All that remains is for my girlfriend to paint the shelves and then the task is done! Next I'll be tackling the electric box ...

Friday, 14 March 2014

DIY: Garage tidying

Introduction

So having just got back from Malta, I unpacked my bags and I had ALL, seriously ALL the dive gear scattered across my living room. Unfortunately it couldn't stay like that, as much as my life revolves around diving I do need it out the way so I can do other things like watch TV, iron and generally live.

With my dive gear in the house that meant that the garage was half empty - an ideal time to tidy it up. Armed with a claw hammer I started going around my garage pulling out all the random rusty nails hammered in everywhere. With a small pile of nails it was time to get to work.

The result

The dream was to get all my dive gear neatly hung up so that I could get at it more easily and I thought it would probably do the gear a favour too. So this is what I managed:

Front to back

Back to front
Whilst doing all of this, I went through every box of dive gear and I made a startling discovery.

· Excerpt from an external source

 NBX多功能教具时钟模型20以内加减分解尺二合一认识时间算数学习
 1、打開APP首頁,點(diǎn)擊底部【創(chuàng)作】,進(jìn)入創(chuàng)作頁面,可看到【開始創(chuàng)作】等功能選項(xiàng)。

When I first got into tech diving, all the gear needs bolt-snaps on it in some form, so every time I went diving I would buy one. Eventually I just got in the habit of buying them and then this happens:



I managed to find a total of 9, that's NINE bolt snaps that are completely surplus to requirements!!! I also then found another one in my dry suit pocket too - so that's 10 bolt-snaps!! No wonder I'm skint - at about £10 each that's about  £100 tied up in stainless steel right there!!